The chemical structures of the synthesized NFA material, BTTT-2Cl, and the polymer donor PM6 and acceptor-additive PZ1 are shown in Fig. 1a. The synthetic routes and the theoretically calculated molecular energy levels of BTTT-2Cl are provided in Supplementary Fig. 1. The synthetic details (Supplementary Figs. 1 and 2 for the nuclear magnetic resonance (NMR) spectra, and Supplementary Fig. 3 for the mass spectrum) are described in Supplementary Note 1. Compared to the solution absorption spectra of BTTT-2Cl, an obvious bathochromic shift of ~90 nm in its thin film (Supplementary Fig. 5) indicates high molecular ordering46. The thermal properties of these three materials, including PM6, BTTT-2Cl, and PZ1, were investigated by differential scanning calorimetry.
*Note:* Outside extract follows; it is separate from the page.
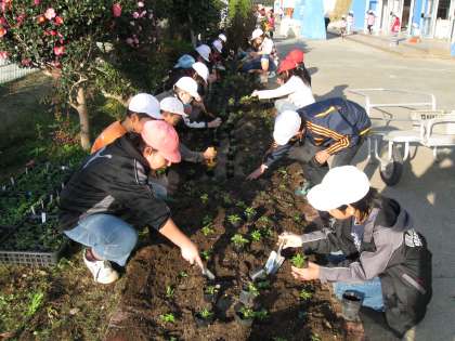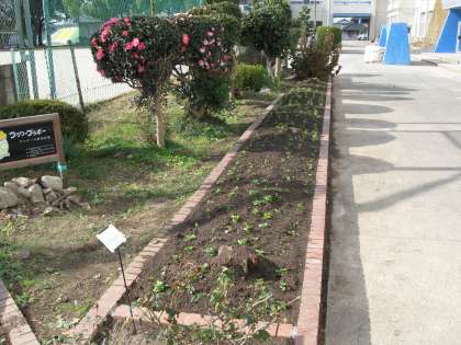 サブ花壇に春花苗を植えました。メイン花壇の横なので、メイン花壇のデザインが生きるような色合いに植えました。朝のくすのきタイムに作業をしました。

The corresponding results are provided in Supplementary Fig. 6. Only BTTT-2Cl shows single, sharp, and strong endothermic peak at the first heating (Supplementary Fig. 6a), which indicates its crystalline nature. As shown in Supplementary Fig. 6a, PM6 has slightly sharper endothermic peaks at low temperature and with small value of melting enthalpy. It indicates that PM6 possesses slightly higher crystallinity as compared to PZ1 (Supplementary Fig. 6c), which is identical to the previous results11,45. The ultraviolet–visible absorption spectra of the pristine films and the PM6:BTTT-2Cl blend films without and with 1 wt% PZ1, as shown in Fig. 1b, were explored. The absorption maxima of PM6:BTTT-2Cl blend shows a blue-shift compared to that of the BTTT-2Cl pristine film. Obviously, the addition of 1 wt% PZ1 into the host blend presents an obvious increase in the 0–0 vibronic peak intensity with a slight red-shift, indicating the increasing molecular ordering and π–π interactions in the nanoscale domains47. The highest occupied molecular orbital (HOMO) and lowest unoccupied molecular orbital (LUMO) energy levels of BTTT-2Cl, probed by cyclic voltammetry (CV) (Supplementary Fig. 7 and Supplementary Table 1) are −5.61 and −3.98 eV, respectively. The energy levels of PM6 and PZ1 are presented in Fig. 1c48. It indicates that the PM6:BTTT-2Cl combination is comfortable for exciton dissociation in BHJ blend, as demonstrated by the photoluminescence (PL) measurements (Supplementary Fig. 8). Of note is that the PL intensity of PM6:BTTT-2Cl blend increases with the addition of 1 wt% PZ1, indicating that the interface area between PM6 and BTTT-2Cl decreases49.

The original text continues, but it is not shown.